■ Exercise: For this exercise, copy the data exactly and omit any images.

■ Available data:
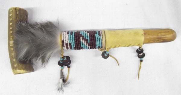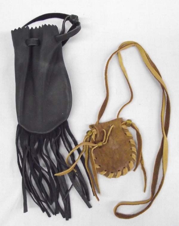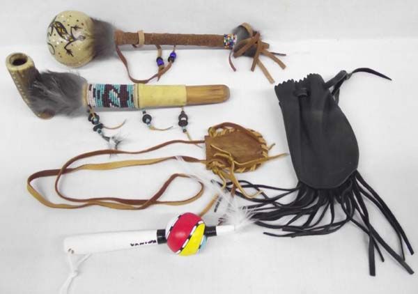 Native American Pueblo Rattles, Pipe, & Leather Pouches, #1 Painted leather rattle (lizard), with rabbit fur, bead, and leather accents, handle is covered in suede and there is fringe at the very end of the handle, #2 Antler pipe on wooden stem with leather, bead, and rabbit fur accents, antler is also etched, #3 Hopi Dance Rattle by Kminva, brightly painted in turquoise, yellow, red, white, and black, with feather accent on top, #4 black leather fringed pouch, #5 small brown leather pouch with 18'' end to end leather strap and amber colored accent beads, largest rattle is 11''L x 3''W and largest pouch is 4.5''L x 3''W
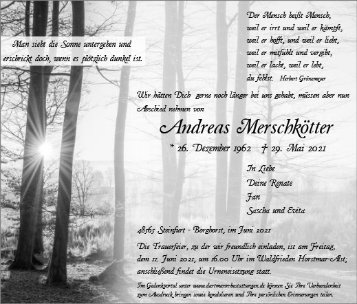 Leider ist alles vergänglich und nichts ist für ewig. Andreas, du warst über viele Jahre unser Weggefährte. Ob beim Fußball spielen, Kegeln oder die Freitag Abende bei Bernd..... Wir werden dich vermissen... warst immer ein ehrlicher und geselliger Typ und hast nie ein schlechtes Wort über andere verloren. Wir wünschen dir eine gute Reise. Eines Tages werden wir dir folgen und sehen uns dann wieder.
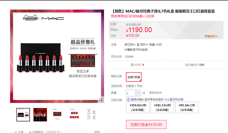 價值1190元的MAC/魅可經典子彈頭7色禮盒 限量斷貨王口紅唇膏套裝
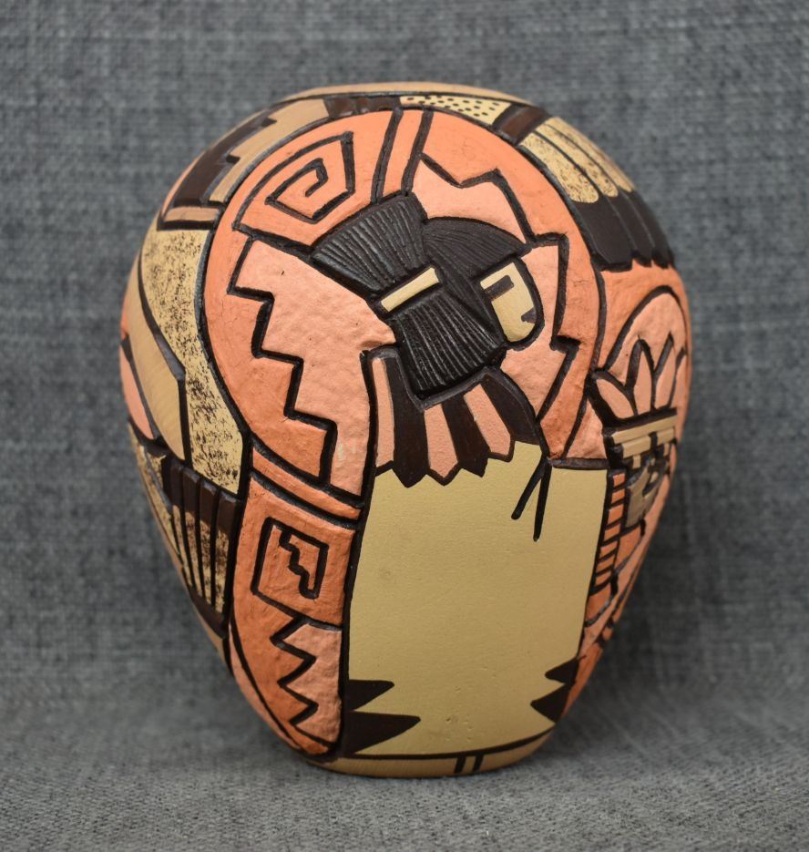 1980-90's Hopi, hand coiled with carved and painted Corn Maiden, cornstalk, and pueblo design by Carla Nampeyo 5.75" x 4.75"

■ Task answer:
 Native American Pueblo Rattles, Pipe, & Leather Pouches, #1 Painted leather rattle (lizard), with rabbit fur, bead, and leather accents, handle is covered in suede and there is fringe at the very end of the handle, #2 Antler pipe on wooden stem with leather, bead, and rabbit fur accents, antler is also etched, #3 Hopi Dance Rattle by Kminva, brightly painted in turquoise, yellow, red, white, and black, with feather accent on top, #4 black leather fringed pouch, #5 small brown leather pouch with 18'' end to end leather strap and amber colored accent beads, largest rattle is 11''L x 3''W and largest pouch is 4.5''L x 3''W
 Leider ist alles vergänglich und nichts ist für ewig. Andreas, du warst über viele Jahre unser Weggefährte. Ob beim Fußball spielen, Kegeln oder die Freitag Abende bei Bernd..... Wir werden dich vermissen... warst immer ein ehrlicher und geselliger Typ und hast nie ein schlechtes Wort über andere verloren. Wir wünschen dir eine gute Reise. Eines Tages werden wir dir folgen und sehen uns dann wieder.
 價值1190元的MAC/魅可經典子彈頭7色禮盒 限量斷貨王口紅唇膏套裝
 1980-90's Hopi, hand coiled with carved and painted Corn Maiden, cornstalk, and pueblo design by Carla Nampeyo 5.75" x 4.75"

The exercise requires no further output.